This study has been completed.
Sponsor:
Collaborator:
Information provided by:
National Cancer Institute (NCI)
ClinicalTrials.gov Identifier:
NCT00062283
First received: June 5, 2003
Last updated: June 25, 2013
Last verified: December 2009
  Purpose

RATIONALE: Drugs used in chemotherapy such as alanosine use different ways to stop tumor cells from dividing so they stop growing or die.

PURPOSE: This phase II trial is studying how well alanosine works in treating patients with soft tissue sarcoma, sarcoma of the bone, mesothelioma, non-small cell lung cancer, or pancreatic cancer.
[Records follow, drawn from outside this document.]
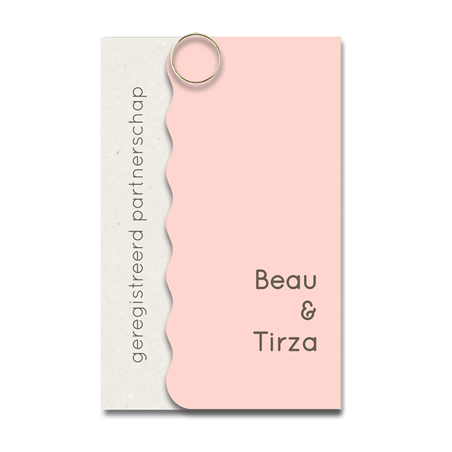 Deze stoere 2-delige uitnodiging voor een geregistreerd partnerschap kun je zelf bewerken. De hoofdkaart heeft hier een eco-look achtergrond en de bovenste kaart een golvende rand en een pastelroze kleur. De twee kaarten kun je aan elkaar te maken met een lintje, touwtje of clipje. Deze kun je bij-bestellen. De grootste hoofdkaart is ongeveer 11 x 17 cm.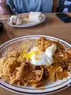 Was dying for a Mexican breakfast when in town and I enjoyed the meal. The hostesses and servers were all so friendly and positive. My huevos Mexicanos was good, but my critiques would be, scrambled eggs were over cooked, so I will request them to be more lightly cooked next time. Now this critique will be a plus for the majority of the population I realise, the refried beans had too much bacon flavour/fat. No one else will mind I’m sure ;-b And my last critique, Why did an omelet come with pancakes, lol. We each only have one tummy. Again, I know some people would like this very filling treat. Will visit again.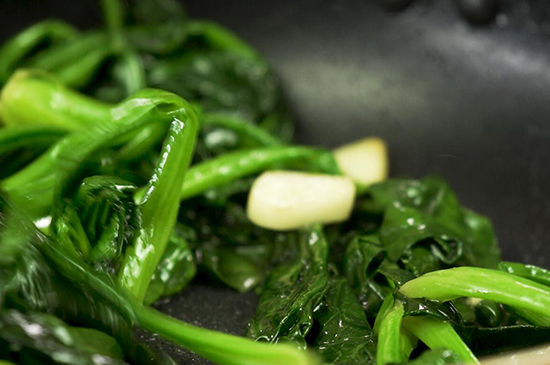 起锅烧油放入大蒜丁大火炒出香味后,转小火放入菠菜和适量糖,同时用筷子翻拌均匀。再按照个人口味加入适量盐用筷子翻拌均匀,小火翻拌10秒钟左右即可关火装盘,一份营养美味的清炒菠菜就完成了。 清炒菠菜的制作方法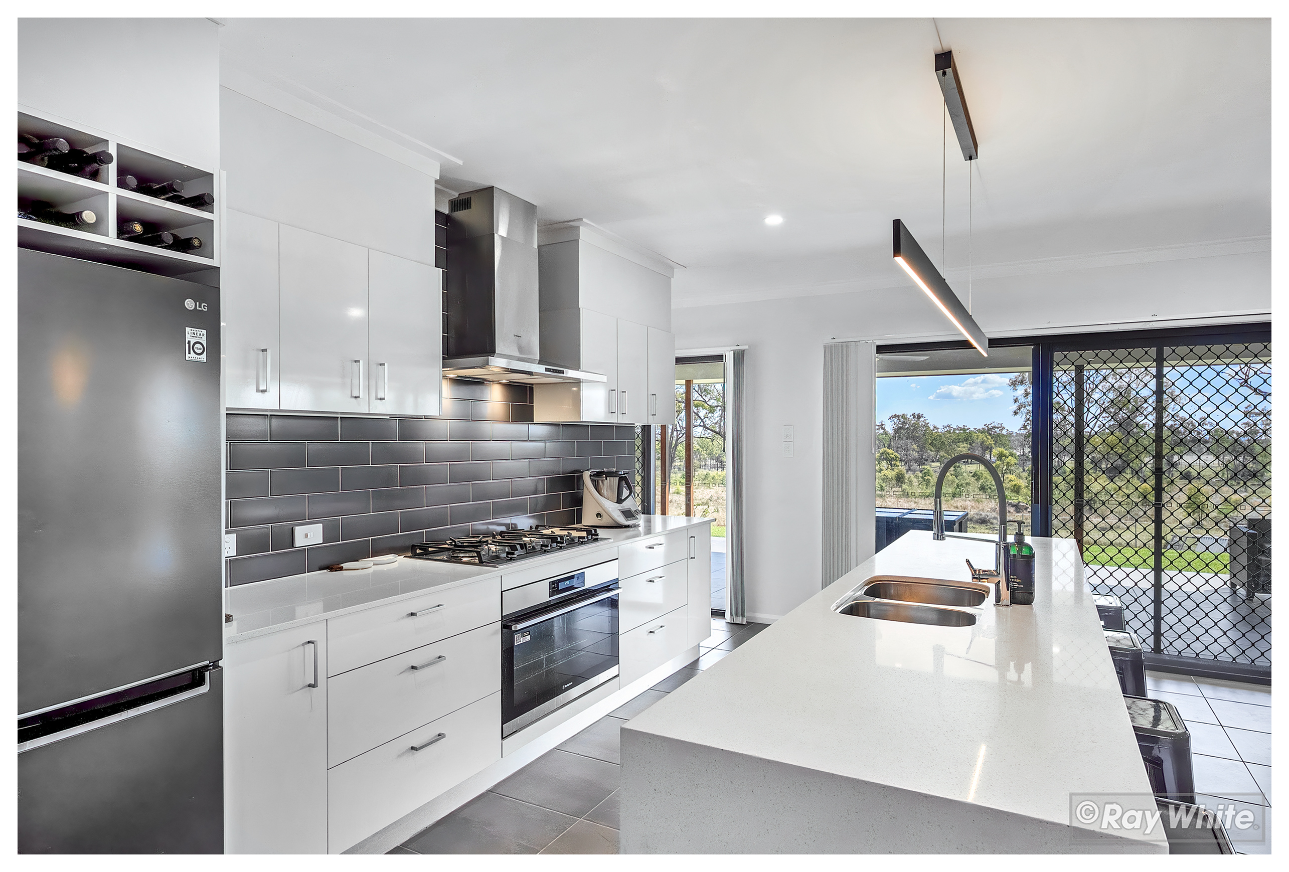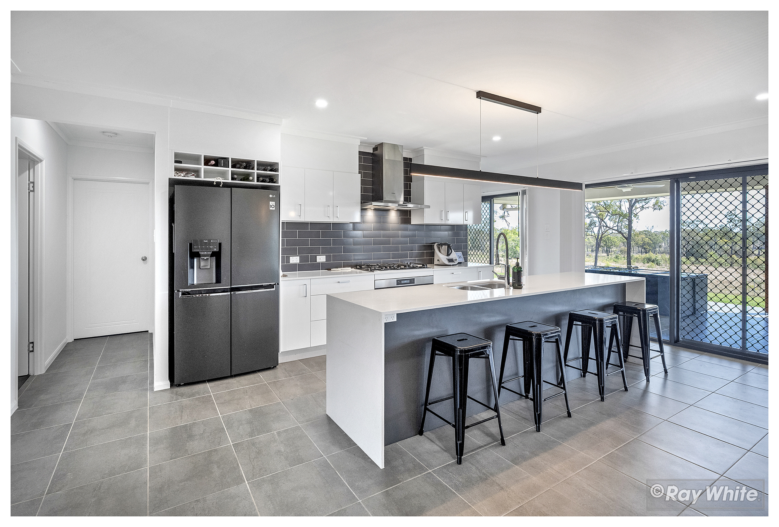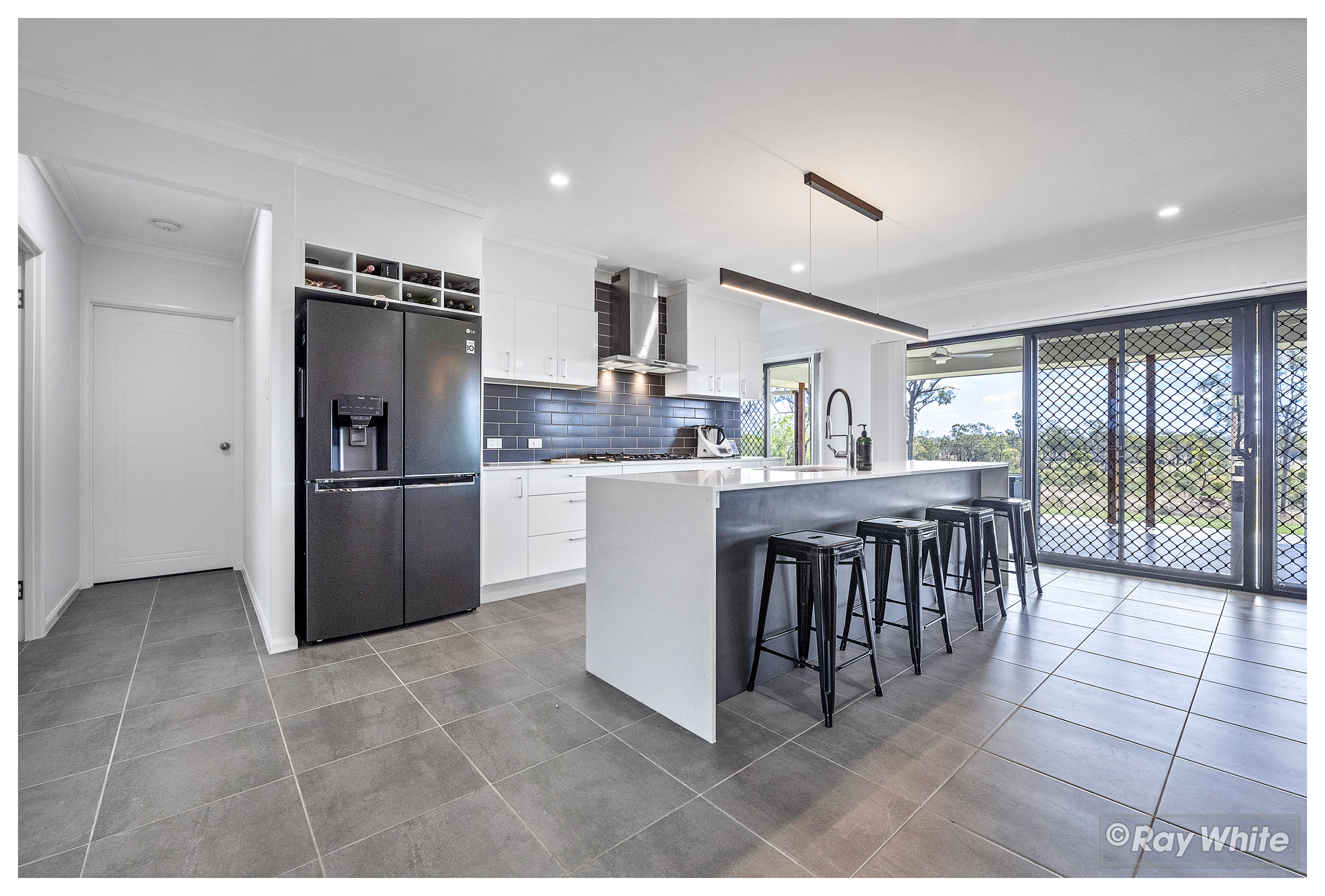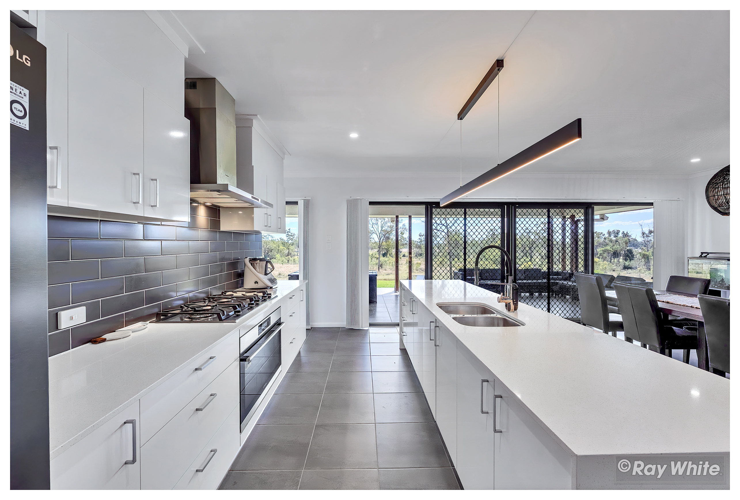 The stunning open-plan kitchen is a chef's dream, featuring a massive butler's pantry that provides ample storage and preparation space. Step outside to the impressive outdoor entertainment area, ideal for hosting friends and family while enjoying the vast and serene surroundings.

Condition Intervention Phase
Lung Cancer
Malignant Mesothelioma
Pancreatic Cancer
Sarcoma
Drug: L-alanosine
Phase 2

Study Type: Interventional
Study Design: Masking: Open Label
Primary Purpose: Treatment
Official Title: A Phase II, Open-Label, Non-Randomized, Multicenter, Single Agent Study of Intravenous SDX-102 for the Treatment of Patients With MTAP-Deficient Cancer

Resource links provided by NLM:


Further study details as provided by National Cancer Institute (NCI):

Study Start Date: March 2003
Study Completion Date: December 2009
Primary Completion Date: December 2005 (Final data collection date for primary outcome measure)
Detailed Description:

OBJECTIVES:

  • Determine the response rates in patients with methylthioadenosine phosphorylase (MTAP)-deficient cancer when treated with alanosine.
  • Determine the time to response and duration of response in patients treated with this drug.
  • Determine the progression-free survival of patients treated with this drug.
  • Determine the pharmacodynamic activity of this drug in these patients, based on special imaging to measure tumor adenosine triphosphate depletion.
  • Determine the pharmacokinetic activity of this drug in these patients.
  • Determine the safety and tolerability of this drug in these patients.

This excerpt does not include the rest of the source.